Ornate ‘elephants’ on cross-country voyage to roll down the Strip
Las Vegas residents are used to unusual sights on the Strip, from Elvis impersonators to ornate shrines to museums that could only exist in Sin City. On Wednesday at noon, locals will be treated to something they’ve likely never seen on the Strip: a caravan of elephants.
Given Vegas’s urban environment and water scarcity, however, these elephants are not the intelligent, lumbering beasts that roam the grasslands, forests and deserts of Africa and Asia. Instead, 25 pickup trucks will each carry an intricate elephant statue carved from an invasive, toxic shrub called lantana camara.
At the tail end of its 5,000-mile journey, the convoy of elephants will arrive on the Strip at noon Wednesday, when it will allow onlookers to take photos and receive the “Key to the Strip.” The caravan is scheduled to depart Vegas around 1:30 p.m.
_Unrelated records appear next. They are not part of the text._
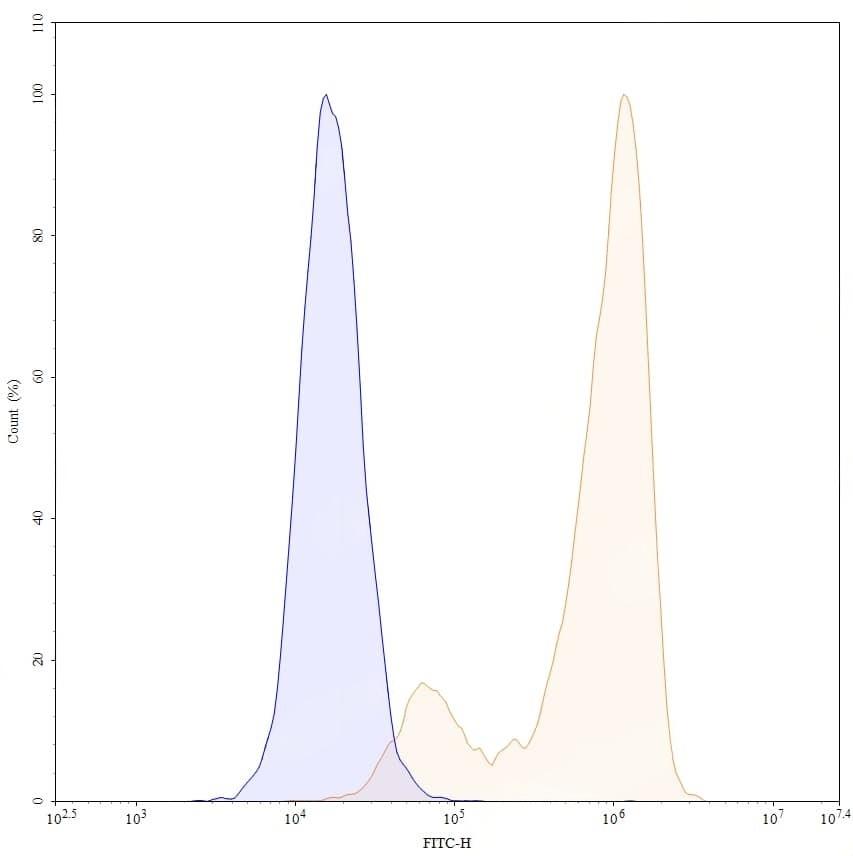 Flow-cytometry using FITC anti-human CD66e antibody. HPAC cells were stained with an irrelevant antibody (Blue Histogram) or an FITC anti-human CD66e monoclonal antibody (Catalog No.:TD-HY546117, Yellow Histogram) at a concentration of 5 µg/ml for 30 mins at RT. After washing, and cells analysed on a NovoCyte Flow Cytometer.
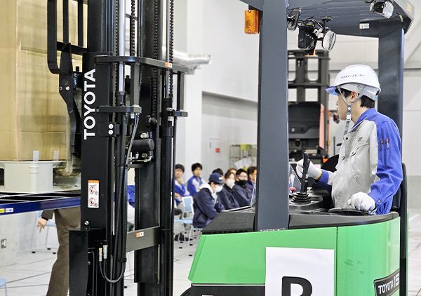 具体的にはフォークリフト、トラックのテールゲートリフター、カゴ台車などの運転や操作ルールの遵守、トラックのコンテナや運転席からの転落防止、結露・凍結箇所での転倒防止、冷凍環境での凍傷や夏場の熱中症の防止、腰痛防止やメンタルヘルス(心の健康)の増進に注力しています。
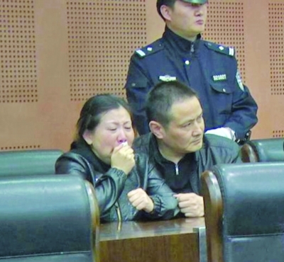法庭上,小祁的母亲仍在悲痛中,祁父在旁安慰她。 罗双江 摄
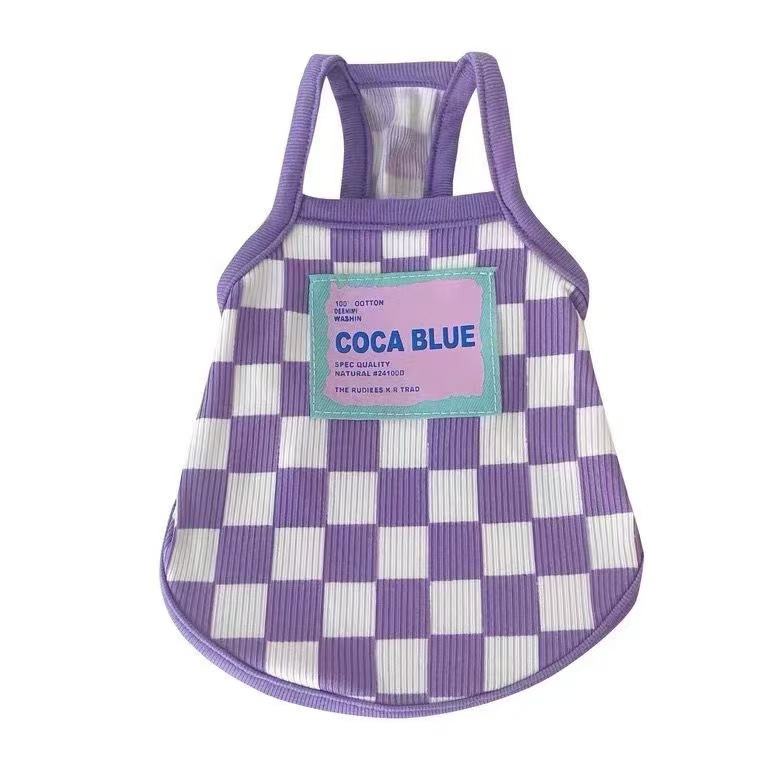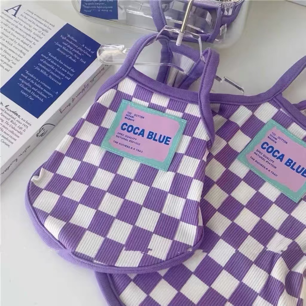 애완 동물 고양이와 개 봄과 여름 보라색 문자 바둑판 작은 슬링 작은 개 테디 비숑 슬링
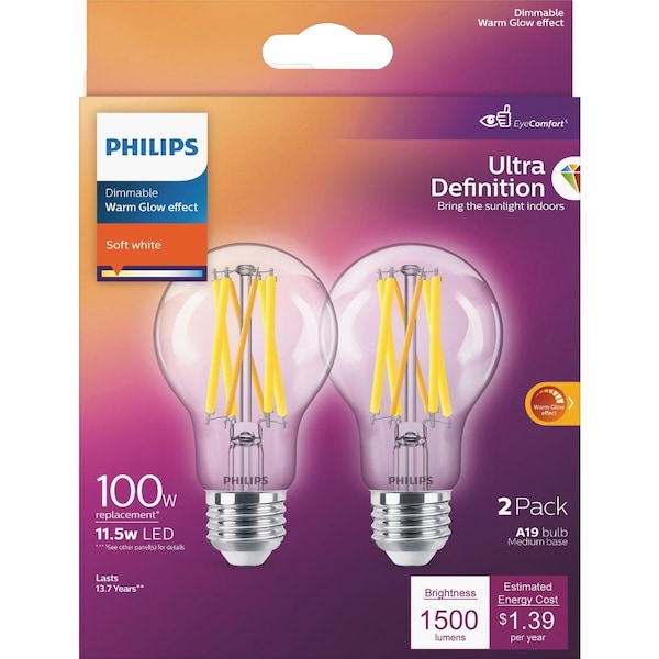 Ultra Definition LED (light emitting diode) A19 dimmable soft-white bulb is specifically designed to provide high quality natural light that helps you see better. Enjoy comfortable full-spectrum light that brings out the true colors and textures of your home. EyeComfort LED bulbs are designed to be comfortable on your eyes with no visible flicker or glare. Get the look and feel of traditional glass incandescent bulbs with the energy-efficient performance of LED. Dims to a cozy warm glow just like traditional incandescent bulbs. Long-lasting beautiful light for up to 15000 hours or up to 15 years with average use. Plastic-free packaging.
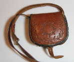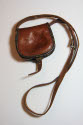 DescriptionPurse and coca bag. Small, horseshoe shaped. Buckles on bottom. Flap engraved with floral pattern. Long narrow leather strap. Three main compartments, two inner flaps. One small compartment in front with tab. Strap is adjustable.On View
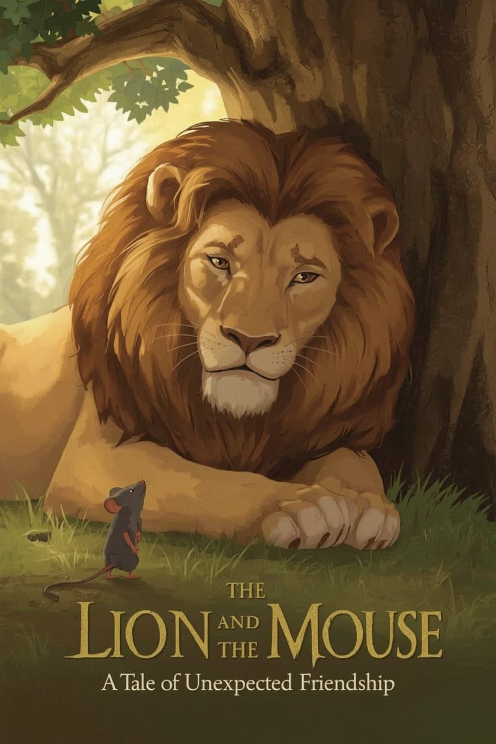 Not far from where the lion made his home, in the roots of a great old tree, lived a small gray mouse named Mina. She was quick, clever, and always full of curiosity. While most creatures avoided the lion’s territory, Mina often wandered close, fascinated by the great beast she had only seen from afar.

The caravan began in Newport, Rhode Island in July 2024, before snaking its way through destinations including New York, Miami Beach, Houston, Montana and, most recently, Salt Lake City.
The Great Elephant Migration is selling each elephant for between $8,000 and $22,000 to raise money for Indigenous Indian artists and more than 20 conservation organizations. The artists weave the elephants using lantana camara to remove the destructive plant from Indian forests, protecting native plants and animals in the process.
Each elephant is carved by the Real Elephant Collective, a community-owned organization of 200 Indian artists, which aims to empower human-wildlife coexistence projects. The year-long journey will conclude in Los Angeles in early August.